The V/F chip offers vastly better noise performance than any A/D chip.
An A/D chip takes a snapshot of voltage and your readings will always be DC +instantaneous noise voltage.
If you take many samples of the same cell you get many different readings, and those must all be averaged in software somehow.
Its very difficult to make steady repeatable readings that way.
Believe me I tried for a very long time.

The key to success is noise cancelling by continuous long term averaging right at the source, and making the measurement period exact multiples of the inverter ripple frequency.

Once you start down this path, you will very quickly discover noise is a much bigger problem to solve than just building in accuracy or resolution.
Readings that jump around all over the place make it very difficult to do anything worthwhile with the data.
Its dead easy to get good results from a battery that is not connected to anything.

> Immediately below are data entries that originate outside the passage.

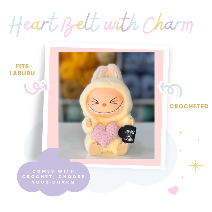Handmade Crochet Heart Belt | Labubu Accessory | Wearable Mini Bag with Optional Charm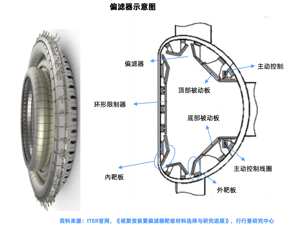 偏滤器:有效屏蔽来自器壁的杂质。相关厂商包括国光电气、安泰科技应流股份等。例如,国光电气研制的偏滤器是ITER项目、我国CFETR及HL - 2M等聚变项目的关键部件。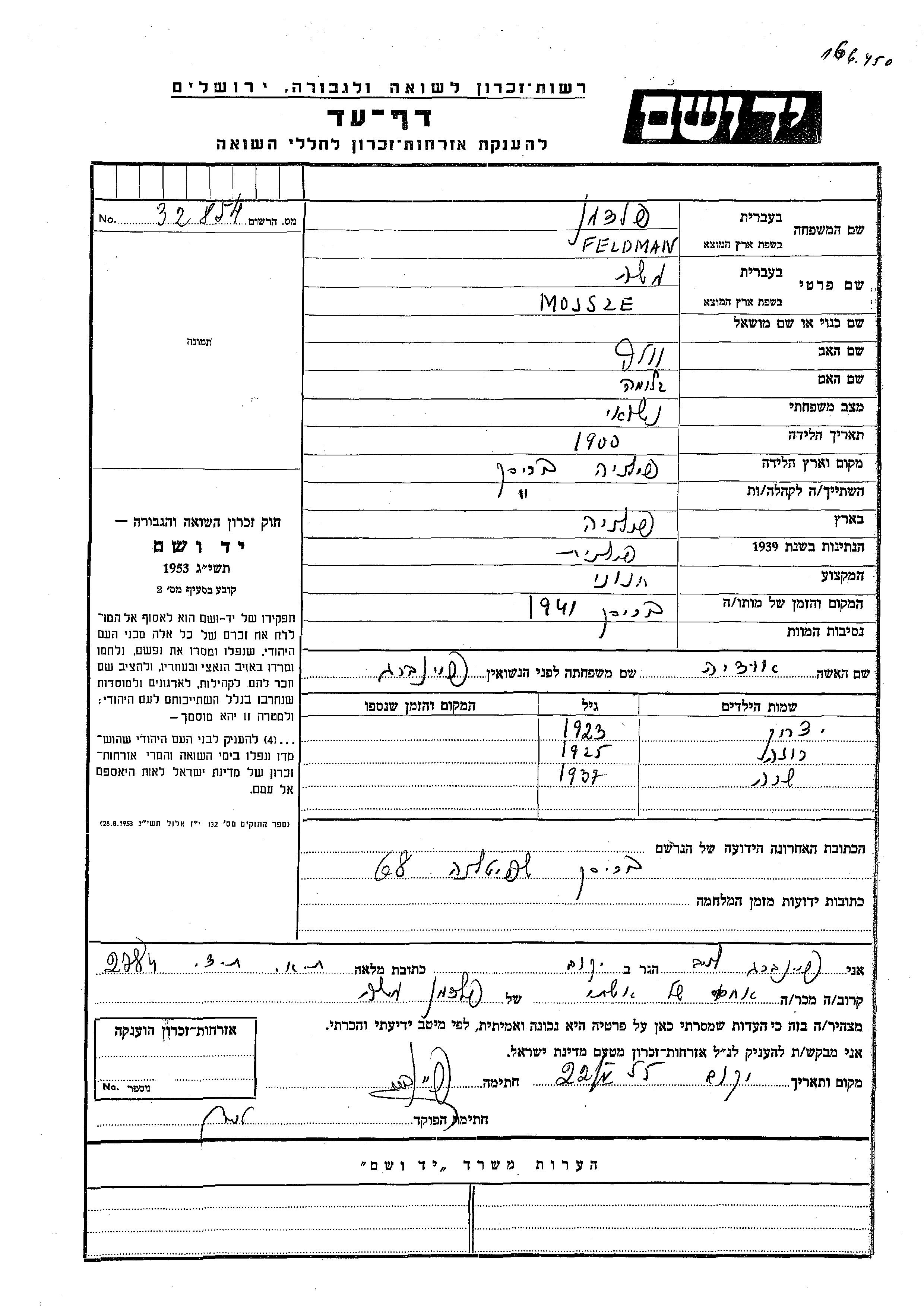 Feldman Sara 1937 Brzesc, Polen Gedenkblatt
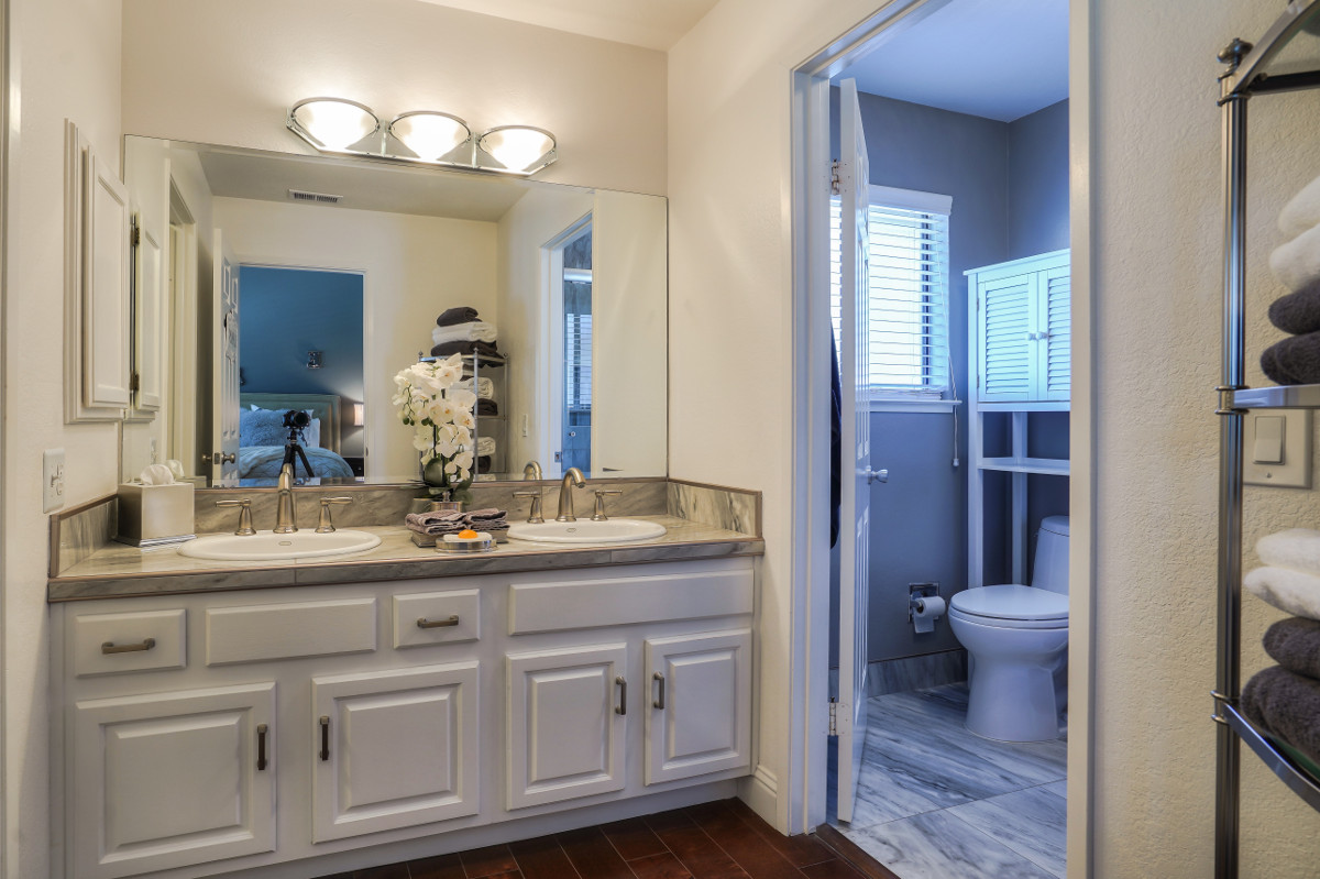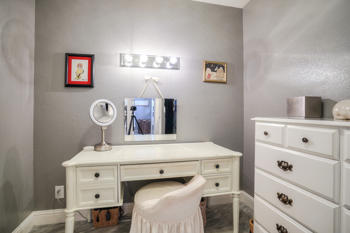 - En suite is divided into three separate areas: Vanity area has hardwood flooring, dual sinks, tile counter and a large mirror over the vanity. A separate makeup room with tile flooring and a ceiling mount light fixture. Water closet has a tile floor, separate shower stall with tile surround and frameless glass enclosure plus a frosted window for privacy.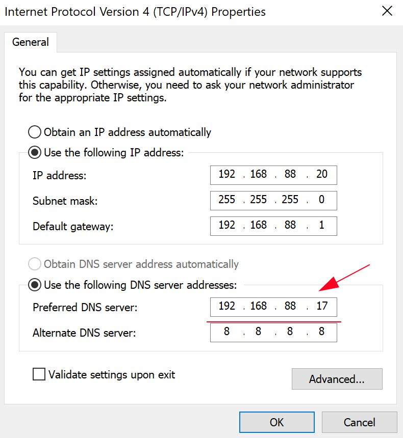 U polju Preferred DNS server unesite IP adresu vašeg Zentyal servera. Ovo je najkritičniji korak.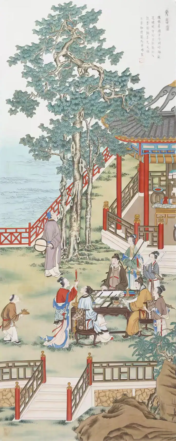 1. 原创性卓然:她以千年工笔技法为基底,不泥古、不复制,创造性融入当代审美与视觉语言。笔下仕女游园、高士雅集、佛造像等题材,线条如“春蚕吐丝”,游丝描、铁线描精准灵动;敷色遵循“随类赋彩”,以朱砂、石青、石绿等矿物颜料三矾九染,瑰丽而不艳俗,每一幅都是独一无二的原创创作,兼具艺术高度与原创价值。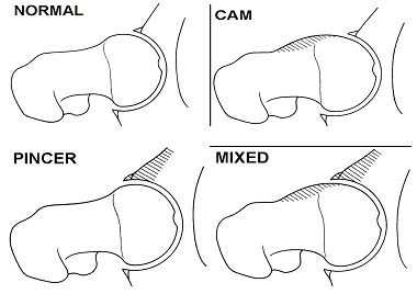 L’impingement femoroacetabolare (FAI) con dolore all’anca è causato da frequenti anormali contatti tra il labbro acetabolare e la parte tra collo e testa femorale. Due tipi di impingement sono descritti:1) L’ impingement tipo Cam (maggiormente nei giovani, negli atleti maschi) e 2) l’impingement tipo Pincer (colpisce prevalentemente le donne di mezza età).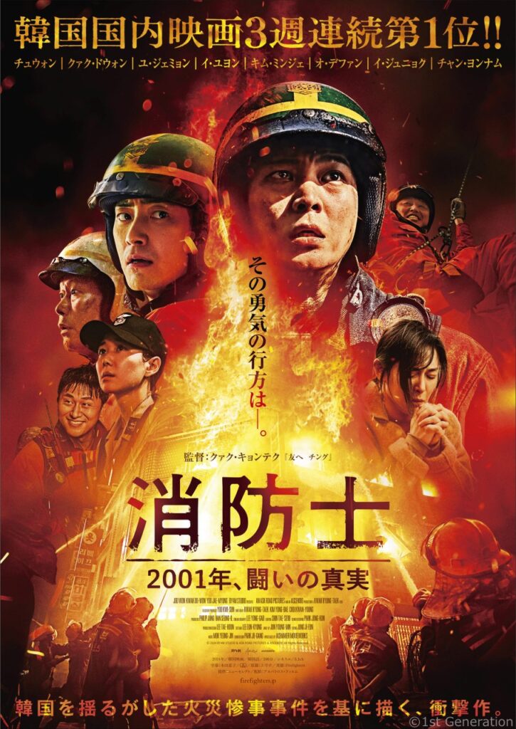 2001年3月4日に発生した「弘済洞火災惨事事件」を基に、『友へ チング』のクァク・キョンテク監督が消防士たちの凄絶な闘いを描く。当時は、消防士の装備や待遇が劣悪な環境の中で、命懸けの消火や人命救助が行われていた。主演は、映画、TV ドラマ、歌手など幅広く活躍するチュウォン。そして、『哭声 コクソン』のクァク・ドウォン、「梨泰院クラス」のユ・ジェミョンなど、韓国を代表する実力派俳優が脇を固める。そして、歌手パク・ヒョシンの新曲「HERO」が挿入され、感動を添える。韓国では 2024 年 12 月に公開されながら、『破墓/パミョ』『犯罪都市 PUNISHMENT』などに次いで、年間の興行収入で国内映画のトップ5にランクインする大ヒットを遂げた。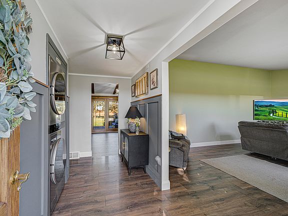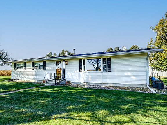 Discover serene country living with this exceptional 3-bedroom, 1-bathroom ranch-style home, beautifully crafted by Wick and featuring the Hampton model design. Nestled on a sprawling 6.4-acre lot, this property is perfect for those looking to embrace a rural lifestyle while enjoying modern comforts. The full basement offers countless possibilities, including space to add a second bathroom, or even a master suite with a private bath thanks to the convenient closet space. Inside, you'll love the updated interiors, including new laminate flooring throughout the living areas and cozy new carpets in the bedrooms. The bathroom has been completely remodeled with stylish tiling in the bathtub and shower area. The home also boasts upgraded lighting and electrical systems throughout, along with a reverse osmosis system, ensuring fresh, clean drinking water every day. The newly redone laundry room features a brand-new high-efficiency washer and dryer. Outside, a spacious 2.5-car detached garage and multiple outbuildings add tremendous value and functionality. The property includes a 73' x 45' shed, a 10,000-bushel grain bin with a gas dryer, and a large 30' x 40' barn, previously used for horses and now housing goats. The expansive land is ideal for raising chickens, pigs, goats, horses, or cows, making this property perfect for farm animal enthusiasts. The current owners use the barn as a chicken house with a large chicken run attached. A peaceful creek meanders along the back of the property, enhancing the tranquil country atmosphere. Recent upgrades include new windows, siding, doors, and roofs on both the home and garage, all fitted with 50-year shingles (installed in 2008). The home is powered by a 200-amp electric service, with additional buildings equipped with 400-amp service, providing ample power for any future needs. This one-of-a-kind property needs to be experienced in person to appreciate the serenity, privacy, comfort, and beauty it offers. Schedule your tour today!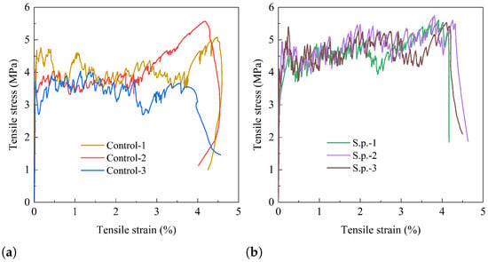 Tensile stress-strain experimental curve of ECC. (a) Without bacteria. (b) With bacteria.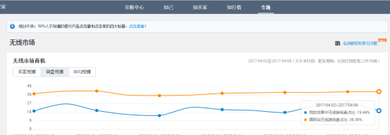 我們以“詢盤(pán)規(guī)?!睘槔?,看一下藍(lán)色曲線是“我的效果中無(wú)線端詢盤(pán)占比”和橙色曲線“國(guó)際站無(wú)線端詢盤(pán)占比”,如圖,橙色數(shù)字是39.39%,表示整個(gè)國(guó)際站無(wú)線端詢盤(pán)占了近4成,藍(lán)色19.44%,說(shuō)明自己的無(wú)線端詢盤(pán)占比只有不到2成。也就是說(shuō),藍(lán)色曲線在橙色線的下面,也就是說(shuō)明“你無(wú)線端詢盤(pán)流量”不如“行業(yè)平均值”。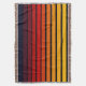 You will find all the colours of a spectacular sunset in your room. Multicolor striped design inspired by a sunset. Minimalist design in dark blue, and different shades of pink, red, orange, and yellow.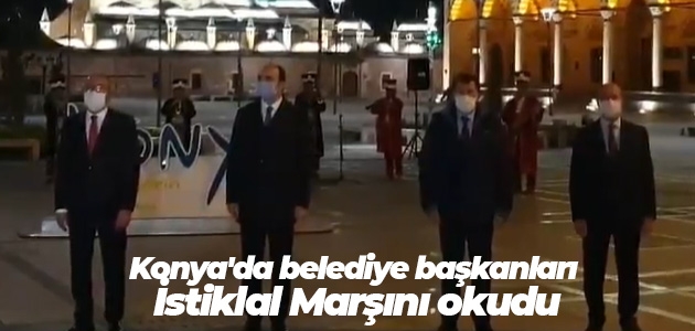 Konya'da saat 21'i gösterdiğinde belediye başkanları Mevlana Meydanında İstiklal Marşımızı okudu.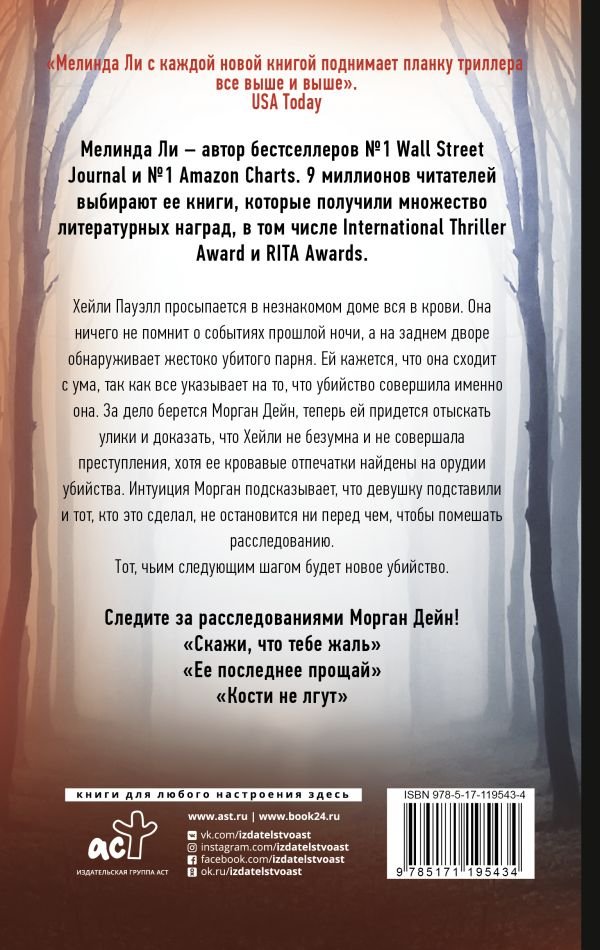 Четвертая книга всерии обадвокате Морган Дейн. Она берется защищать новую жертву чьей‑то безжалостной игры. Наэтот раз вбеду попала Хейли Пауэлл. Еёотпечатки найдены наорудии убийства инаизувеченном трупе. Удевушки нет ниалиби, нивоспоминаний опрошедшей ночи. Она пришла всебя внезнакомом доме вследах чьей‑то крови, аназаднем дворе нашла убитого мужчину. Морган вновь рискует своей жизнью, чтобы докопаться доправды. Споиском улик ейпомогает частный детектив Ланс Крюгер, скоторым она состоит вромантических отношениях. Каждая книга Мелинда Лиувлекательна иинтересна без привязки кпредыдущим событиям детективного цикла. Автору неизменно удается придумать новое таинственное преступление иводить занос как героев, так ичитателей. Книга читается легко ибыстро, особенно когда теряешься вдогадках, раздумывая: «Ктоже настоящий убийца?», Мелинда Ли— автор бестселлеров №1Wall Street Journal и №1Amazon Charts. 9миллионов читателей выбирают еекниги, которые получили множество литературных наград, вчисле которых International Thriller Award иRITA Awards., Хейли Пауэлл просыпается внезнакомом доме, вся вкрови. Она ничего непомнит особытиях прошлой ночи, аназаднем дворе обнаруживает жестоко убитого парня. Ейкажется, что она сходит сума, так как все указывает нато, что убийство совершила именно она., Задело берется Морган Дейн, теперь ейпридется отыскать улики идоказать, что Хейли небезумна инесовершала преступления, хотя еекровавые отпечатки найдены наорудии убийства. Интуиция Морган подсказывает, что девушку подставили, итот, кто это сделал неостановится ниперед чем, чтобы помешать расследованию. Тот, чьим следующим шагом будет новое убийство., Следите зарасследованиями Морган Дейн! «Скажи, что тебе жаль» «Еепоследнее прощай» «Кости нелгут»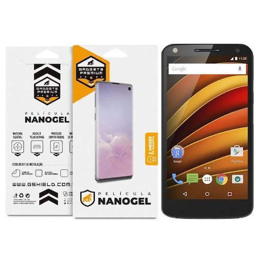 Película de proteção em Nano Gel, cobre as extremidades curvadas do visor, inclui película reserva.Tipo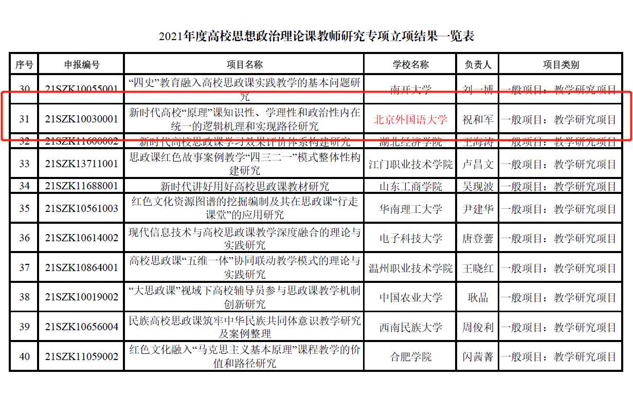 课题立项:北外beat365手机版官方网站祝和军副教授获2021年度高校思想政治理论课教师研究专项资助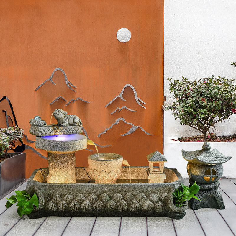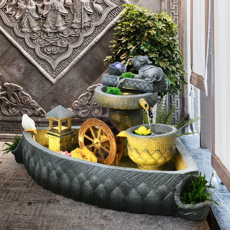 石墨假山流水喷泉室内玄关办公室店铺景观装饰循环水落地鱼池摆件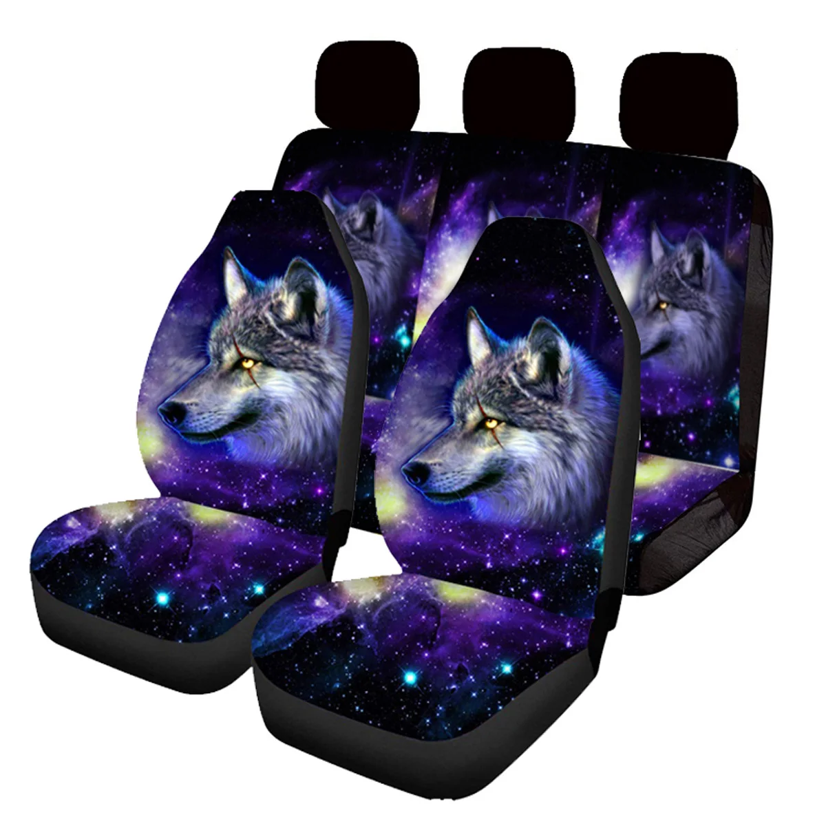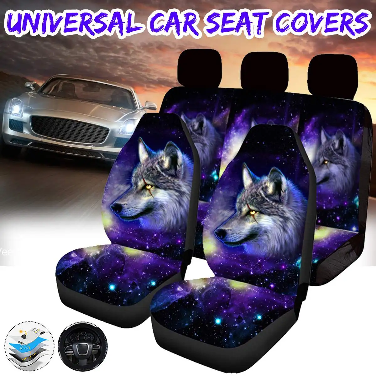 17 шт. универсальные автомобильные чехлы с волчьим узором, грязеустойчивые чехлы на передние и задние сиденья для фургона BMW и т. д. с набором чехлов на колеса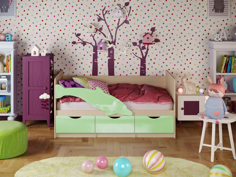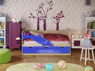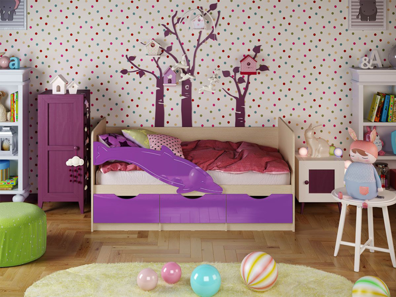 Удобная, прочная и устойчивая кровать с выдвижными ящиками. Передний ограничительный бортик выполнен в виде дельфина. Для маленьких детей и подростков.
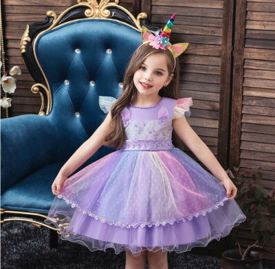ユニコーン 女の子 ワンピース ドレス 精霊 ハロウィン衣装 ユニコーン コスプレ ティンカーベル チュチュ カチューシャ付き 精霊 キッズ コスチューム 服 翼 虹色 かわいい 子ども パーティー 演出服 ステージ

Some people here are talking about running inverters that draw a highly pulsing current of a hundred amps or more from the battery.
No matter how accurate or how many bits your A/D it will be pumping out some random numbers.

Cheaper, probably.... But something really crude and horrible can always be made cheaper. I don't think absolute cheapness is a worthy final goal for home construction. Buying cheap Chinese is a lot easier and a lot less work. But then you get what you pay for (sometimes).

I wanted something that was the very best I could possibly do, something truly unique that I can really be proud of.
That is why development of many different prototypes and ideas went on, trying one brain storm after another and learning something from the results.

I just thought some here might be slightly interested in some of the theory and philosophy of something that finally works especially well.